The study referenced in [16] presented an automated solution for addressing corrosion detection challenges. They developed RustSEG, a corrosion segmenter, using a CNN model and a “Classify, localize, refine” approach, along with heatmaps from Grad-CAM++ to pinpoint corrosion locations. However, Grad-CAM++ produced false positive regions for classification, which the authors addressed by integrating heatmaps with final pixel-level segmentation and refining the mask using a CRF. RustSEG achieved promising results without the need for per-pixel labeled datasets. To prevent overfitting, data augmentation techniques were used. The training dataset consisted of 7000 corrosion and 9000 non-corrosion images from publicly available photos on flickr.com (accessed on 10 July 2024), and an additional balanced set of 600 images per category for testing, along with 1200 expertly labeled images from various platforms. The model achieved an accuracy of 77.83%, an Area Under the Curve (AUC) of 86.17%, a precision rate of 81.27%, a recall rate of 72.33%, and an F1-score of 76.54%. For the Flickr Test Dataset, the model’s accuracy was 86.81%, with an AUC of 94.82%, a precision of 89.38%, a recall of 83.86%, and an F1-score of 86.53%. Additionally, the researchers provided an interactive platform to ensure accessibility for all users.

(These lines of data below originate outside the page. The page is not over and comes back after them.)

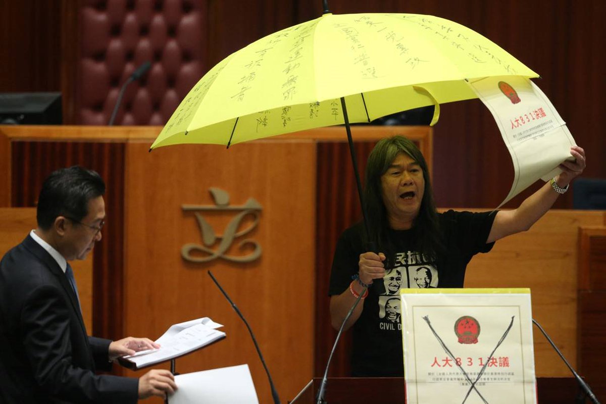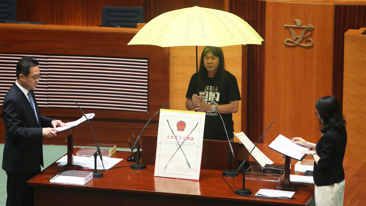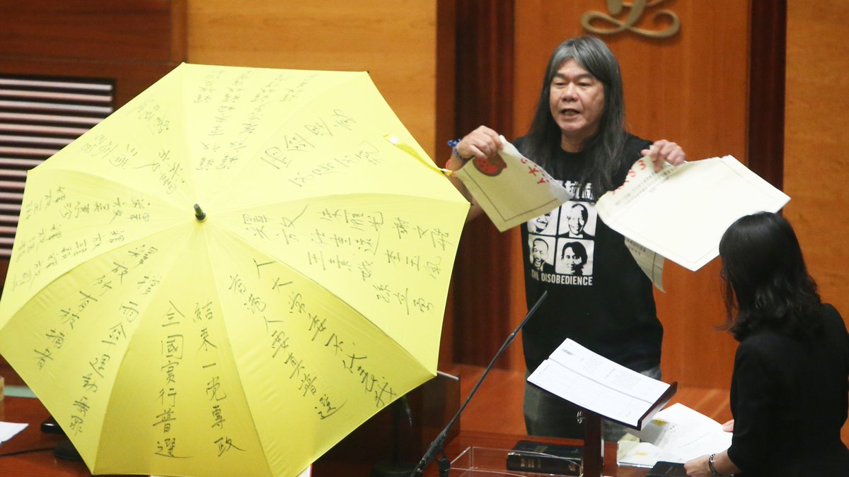 “Long Hair” Leung Kwok-hung, takes Legco oath with yellow umbrella – a symbol of 2014's #Occupy movement - and rips a prop copy of Basic Lawpic.twitter.com/lkPfpD0giM
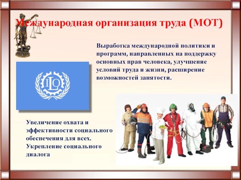основных прав человека, улучшение условий труда и жизни, расширение возможностей занятости.
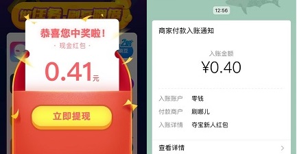 1.微信搜索小程序“刷豆夺宝”,进入后免费红包,按提示参与夺宝,亲测中0.41元,秒到微信零钱!
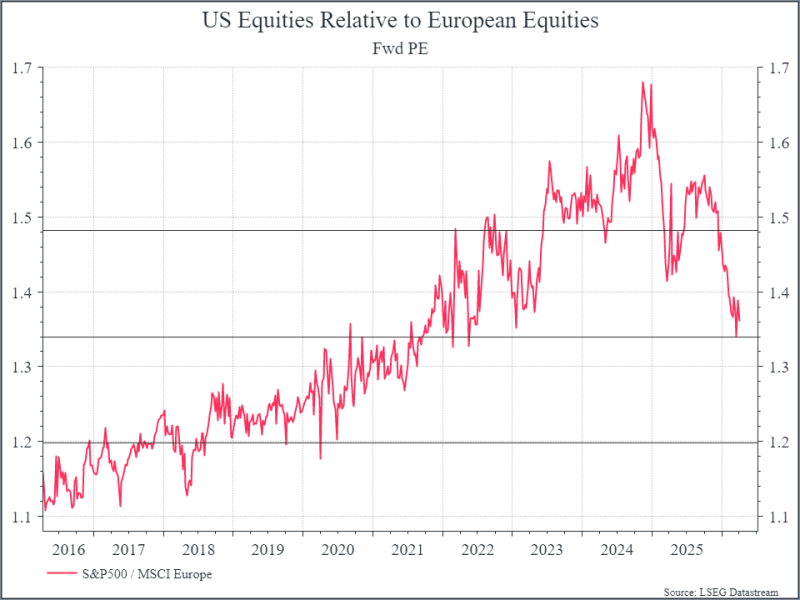 But we think that the shift in valuations is very interesting. The chart below shows the valuation of US equities relative to Europe over the past decade. We saw a steady re-rating of US equities between 2016 and 2024, driven by strong growth and improving profitability, particularly in the tech space.
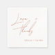 Modern elegant rustic terracotta script "love + thanks" with bride and grooms name paper napkins for weddings or any special occasions.

A study referenced in [17] explored the potential of secure coatings based on two-dimensional materials. These coatings are known for their strong bonding with metals and their ability to be functionalized. The study highlights the success of graphene coatings and mentions the exploration of other two-dimensional materials such as hexagonal boron nitride and molybdenum disulfide as promising alternatives. However, limited experimental data makes training classifiers challenging and often leads to overfitting. To tackle this issue, the article investigates the use of deep learning data augmentation methods, specifically variation autoencoder (VAE) and generative adversarial network (GAN), to create synthetic electrochemical data resembling the training data. These techniques were applied to a few-layered graphene on copper surfaces. The results show that the synthetic data generated by GAN outperformed VAE in terms of neural network system performance, achieving an accuracy of 83%–85% compared to VAE’s 78%–80%. However, when using XGBoost, VAE-generated data performed better with a 90% accuracy compared to GAN’s 84%–85%. In conclusion, the study illustrates that synthetic data generated using VAE and GAN models can be valuable for training machine learning models focused on developing corrosion-resistant two-dimensional coatings.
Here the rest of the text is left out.